* [Information supplied]:
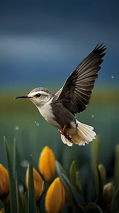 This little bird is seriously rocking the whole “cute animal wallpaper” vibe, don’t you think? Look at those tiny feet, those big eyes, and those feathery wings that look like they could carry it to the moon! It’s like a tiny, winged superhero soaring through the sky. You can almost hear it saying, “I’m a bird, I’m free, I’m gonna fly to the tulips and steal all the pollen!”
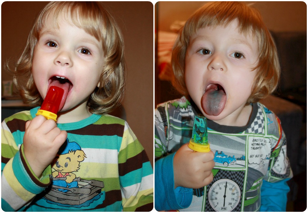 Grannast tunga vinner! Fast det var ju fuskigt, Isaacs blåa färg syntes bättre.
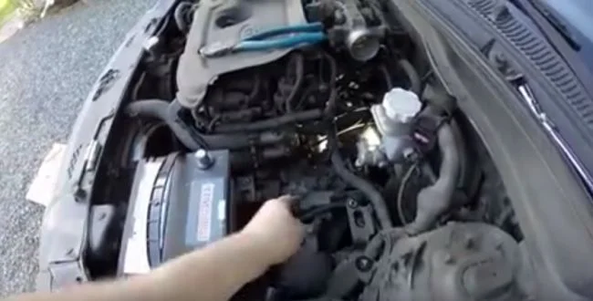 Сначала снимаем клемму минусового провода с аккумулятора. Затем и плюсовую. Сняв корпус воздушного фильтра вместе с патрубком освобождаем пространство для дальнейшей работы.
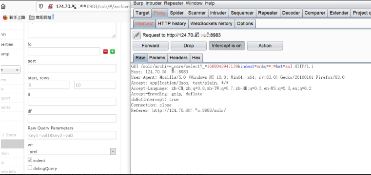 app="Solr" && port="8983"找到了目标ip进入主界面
---
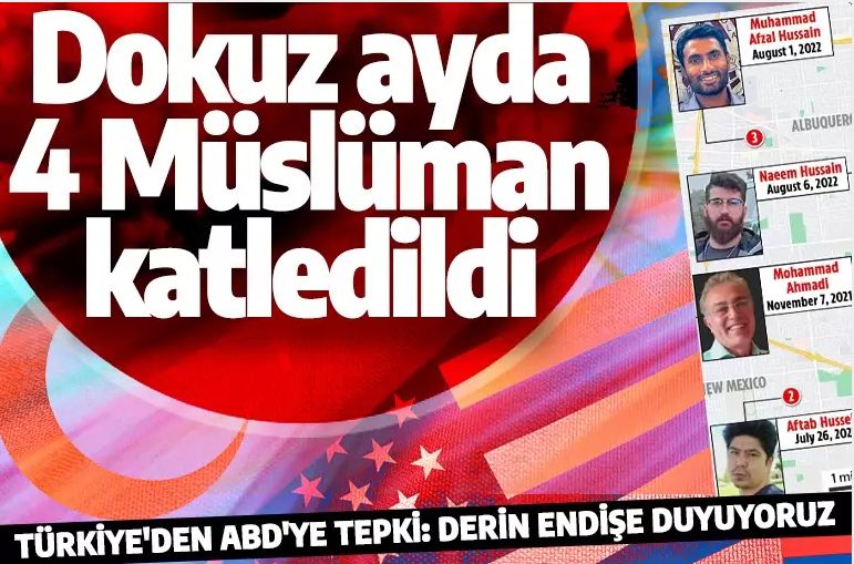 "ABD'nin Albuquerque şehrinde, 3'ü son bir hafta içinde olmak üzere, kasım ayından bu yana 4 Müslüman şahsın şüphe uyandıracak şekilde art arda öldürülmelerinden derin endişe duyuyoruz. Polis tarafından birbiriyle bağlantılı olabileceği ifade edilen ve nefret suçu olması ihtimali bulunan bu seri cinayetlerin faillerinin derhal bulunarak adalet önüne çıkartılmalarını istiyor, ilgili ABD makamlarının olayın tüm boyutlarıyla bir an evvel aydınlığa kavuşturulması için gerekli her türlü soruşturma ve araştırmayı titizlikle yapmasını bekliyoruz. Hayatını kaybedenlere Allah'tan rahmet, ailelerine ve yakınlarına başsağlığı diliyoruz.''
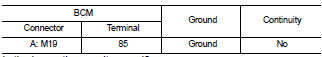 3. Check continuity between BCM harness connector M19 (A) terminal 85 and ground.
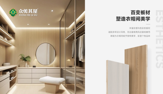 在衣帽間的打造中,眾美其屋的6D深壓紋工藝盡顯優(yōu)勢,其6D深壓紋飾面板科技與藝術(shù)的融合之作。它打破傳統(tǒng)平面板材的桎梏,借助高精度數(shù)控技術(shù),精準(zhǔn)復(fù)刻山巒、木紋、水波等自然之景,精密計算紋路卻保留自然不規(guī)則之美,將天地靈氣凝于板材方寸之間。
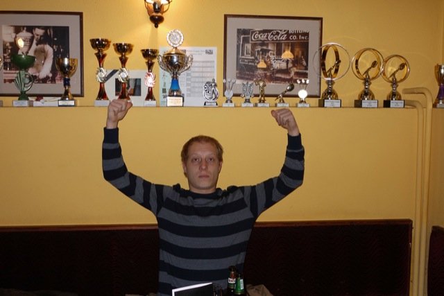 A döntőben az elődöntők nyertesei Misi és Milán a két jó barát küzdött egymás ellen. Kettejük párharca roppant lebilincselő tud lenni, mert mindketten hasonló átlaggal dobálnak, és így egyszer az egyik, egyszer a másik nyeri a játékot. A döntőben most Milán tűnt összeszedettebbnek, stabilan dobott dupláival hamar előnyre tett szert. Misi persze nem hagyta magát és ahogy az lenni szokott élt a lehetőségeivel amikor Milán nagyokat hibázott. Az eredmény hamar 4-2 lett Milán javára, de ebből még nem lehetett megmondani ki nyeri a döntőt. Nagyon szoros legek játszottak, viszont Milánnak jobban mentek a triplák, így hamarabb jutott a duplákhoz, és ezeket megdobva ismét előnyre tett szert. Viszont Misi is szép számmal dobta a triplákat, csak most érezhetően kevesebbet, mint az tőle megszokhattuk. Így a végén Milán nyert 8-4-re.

* [Work item]: Beginning with the line above that contains "This little bird" and ending with the line that contains "Grannast tunga vinner!", quote each line exactly, keeping out the pictures.

* [Task solution]:
 This little bird is seriously rocking the whole “cute animal wallpaper” vibe, don’t you think? Look at those tiny feet, those big eyes, and those feathery wings that look like they could carry it to the moon! It’s like a tiny, winged superhero soaring through the sky. You can almost hear it saying, “I’m a bird, I’m free, I’m gonna fly to the tulips and steal all the pollen!”
 Grannast tunga vinner! Fast det var ju fuskigt, Isaacs blåa färg syntes bättre.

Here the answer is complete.